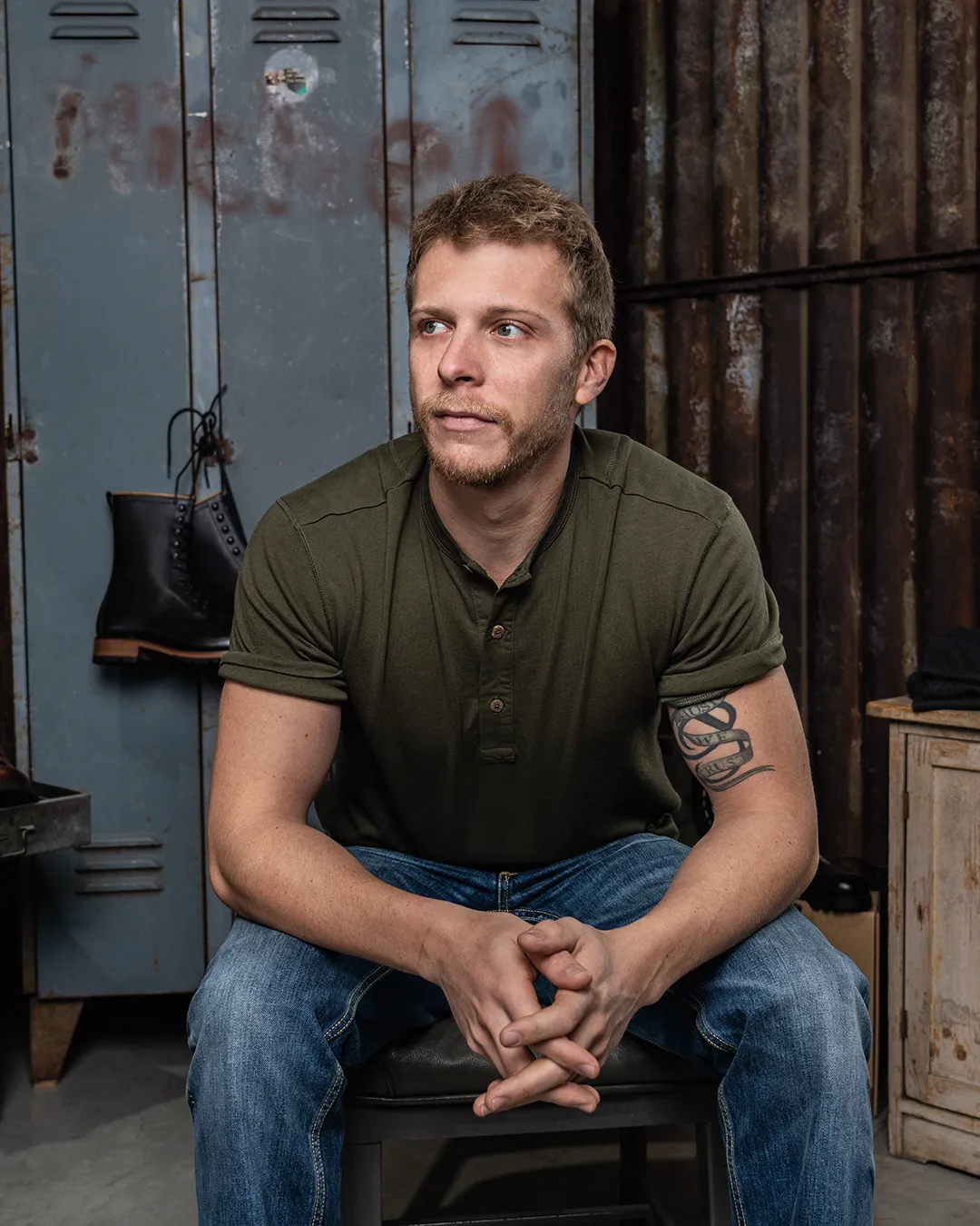 1927 Henley Shirt short sleeve Mojave green
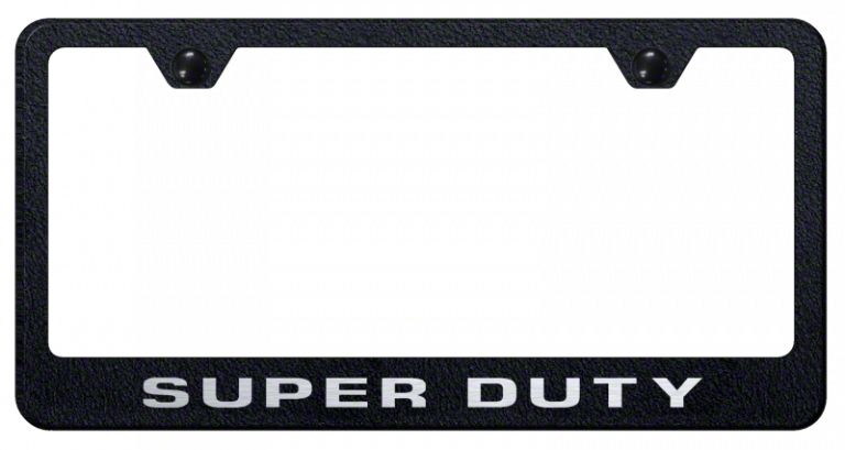 Application. This Super Duty Laser Etched Stainless Steel License Plate Frame in Rugged Black fits universally and requires minimal adjustments.
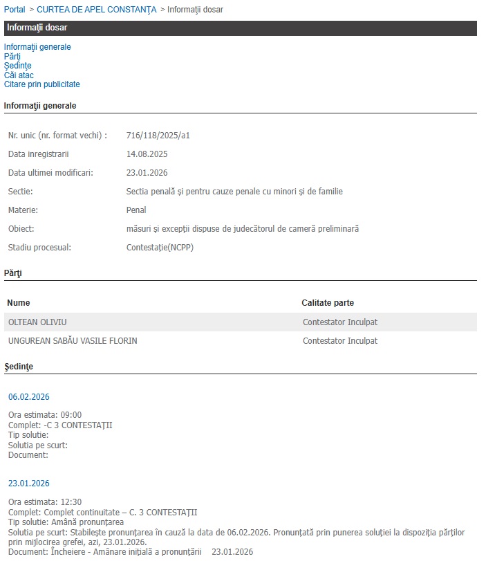 Cu privire la măsurile preventive, Curtea de Apel Constanța este așteptată ca luni, 26.01.2026, să anunțe dacă cei doi vor fi menținuți în stare de arest preventiv sau dacă vor fi dispuse măsuri mai blânde.
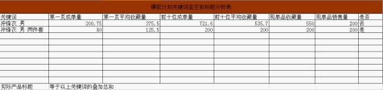 這個大家相信多是很懂的,就不用我多說了,相信派代里面有一大堆關于這類高手的文章,我這邊只是用表格進行了統一化的管理,其實意思很簡單,說白了就是按照當前銷售把關鍵詞分層幾個階段,比如:200單銷售額 500收藏,這樣的記錄已經能匹配到如:沖鋒衣 男 兩件套這樣的關鍵詞的第一頁了,結果你不知道所有沒做,那你就吃虧了。
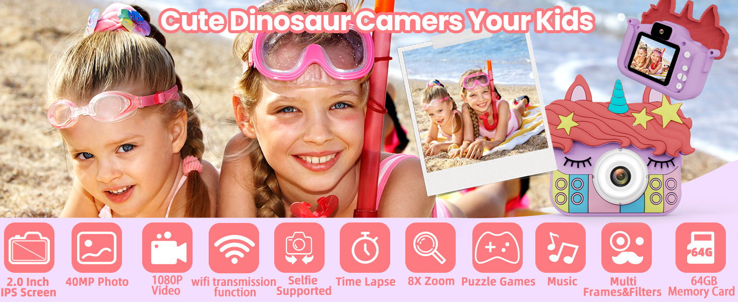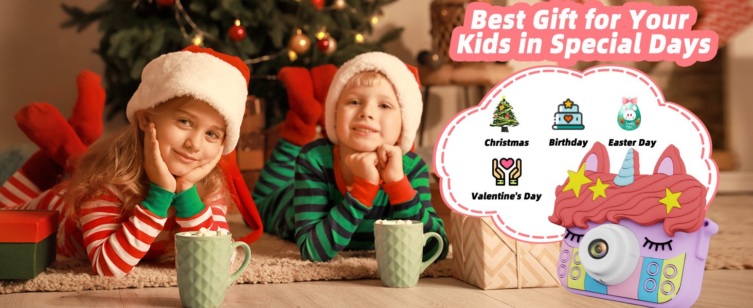 국경을 넘는 어린이용 카메라, 사진 촬영 가능, 미니 고화질 디지털 만화 유니콘 듀얼 카메라 장난감 카메라, 만화 디자인스토어 가기
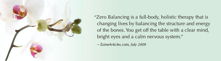 Zero Balancing (known as ZB) is a gentle but powerful hands-on bodywork system that facilitates both structural balance and a clearer, stronger flow of energy in the body. ZB sessions produce an experience of deep relaxation and renewed vitality while helping to relieve symptoms of physical and emotional stress. ZB supports self-discovery, self-acceptance and a person’s ability to create positive, life-affirming change.
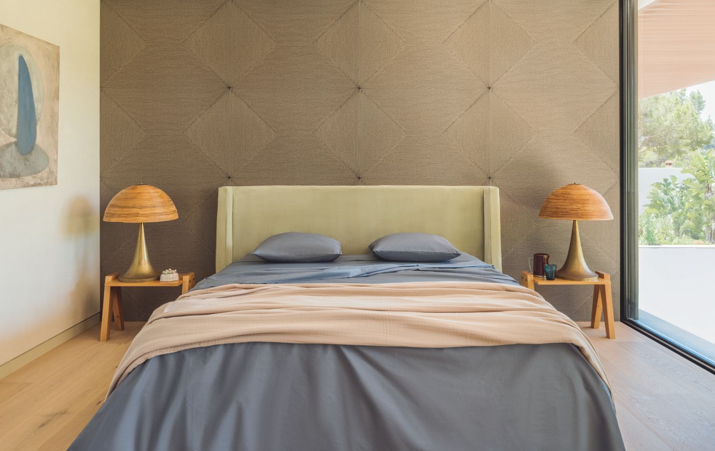 The ideas of Véronique de Soultrait come to life here, as knots of rope and cord are untied, connecting these materials with the modern world. The artist elevates the art of braiding to its highest level, introducing rope and cord into the painterly realm of Art Deco. These creations, both free-flowing and meticulously detailed, feature curved lines in the form of graphic figures, endlessly intertwined patterns, or geometrically structured compositions. The repeating wave motifs reveal the artist’s signature interior designs, highlighting the patience in her work. The colors, with hints of metallic thread, captivate with their subtle nuances.
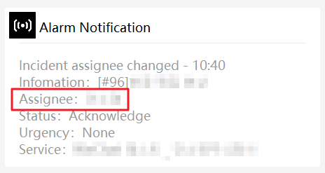 ⑥ 当事件负责人被更改时,您将会如下收到事件负责人已被更改的消息。更改后负责人信息将会同步到Assignee。

■ **PROBLEM TO WORK ON**
With the pictures removed, print only the lines starting at the line that has "Application. This Super" and ending at the line that has "Cu privire la", both ends included, exactly as they stand above.

■ **TASK ANSWER**
 Application. This Super Duty Laser Etched Stainless Steel License Plate Frame in Rugged Black fits universally and requires minimal adjustments.
 Cu privire la măsurile preventive, Curtea de Apel Constanța este așteptată ca luni, 26.01.2026, să anunțe dacă cei doi vor fi menținuți în stare de arest preventiv sau dacă vor fi dispuse măsuri mai blânde.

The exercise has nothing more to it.